LexisNexis has worked for more than a decade to develop a large scale system for big data manipulation, and it believes that it has produced something that's better and more mature than the better known Hadoop technology.
The company just needs developers to agree.
[ Keep up on the day's tech news headlines with InfoWorld's Today's Headlines: Wrap Up newsletter. ]
LexisNexis developed the parallel processing data platform to handle the demands of its own data intensive research business. It wants it extend use of the technology, dubbed HPCC Systems, to broader markets, but is clearly aware that open source Hadoop has already established itself as a strong presence.
The company says there are now about 1,000 HPCC Systems developers worldwide, most of who have been trained since the platform was opened sourced in June,
By contrast, a Hadoop developer conference last summer drew a crowd of some 1,700.
To help demonstrate its capabilities, a Terasort benchmark was run to compare HPCC against a similar benchmark and workload by SGI on a Hadoop cluster, announced in October.
LexisNexis says its benchmark was 25 percent faster, and ran on far less hardware: A 4-node cluster versus a 20-node cluster on the SGI system. The LexisNexis test was done on a Dell PowerEdge, two socket servers, with six core Intel Xeon processors.
Flavio Villanustre, vice president of infrastructure and products at LexisNexis Risk Solutions, credited the test results, in part, on the number of lines in code needed for the sorting versus Hadoop.

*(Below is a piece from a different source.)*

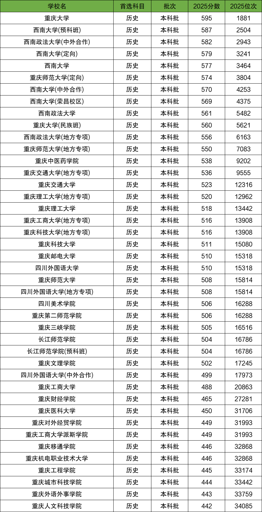 2、重庆2025各校录取分数线排名(历史类本科批)

It took three lines of ECL code to do the sorting, compared to 100 plus lines in Java, which is what is used in Hadoop, said Villanustre.

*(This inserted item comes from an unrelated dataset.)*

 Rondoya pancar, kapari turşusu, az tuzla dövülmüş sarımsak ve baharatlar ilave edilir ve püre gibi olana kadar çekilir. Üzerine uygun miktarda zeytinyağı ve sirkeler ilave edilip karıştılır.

Asked to respond to the HPCC benchmark, an Bill Mannel, vice president of product marketing at SGI said in a statement that "there are many variations of distributed processing which can run Terasort. HPCC Systems is running Terasort on ECL code, which is different than SGI running on a MapReduce-based Hadoop. SGI remains committed to pushing the bar on performance and beating and improving our own record." MapReduce is a software framework.
Villanustre believes HPCC could do well in the marketplace against Hadoop, but he doesn't take anything for granted. He said that he wants to avoid ending up like Betamax, which lost the video format wars to VHS, or IBM's OS/2 operating system, which was cruushed by Microsoft Windows.
"We want to ensure adoption and that's why we are pushing so much," said Villanustre.
The company has also made its HPCC system available in the cloud via Amazon Web Services.
The platform is available through a dual licensing strategy that allows a community edition and a commercial enterprise platform.
Matt Aslett, an analyst at The 451 Group, believes LexisNexis can be a lot more aggressive "given the large and growing ecosystem of developers and vendors that has formed around Apache Hadoop."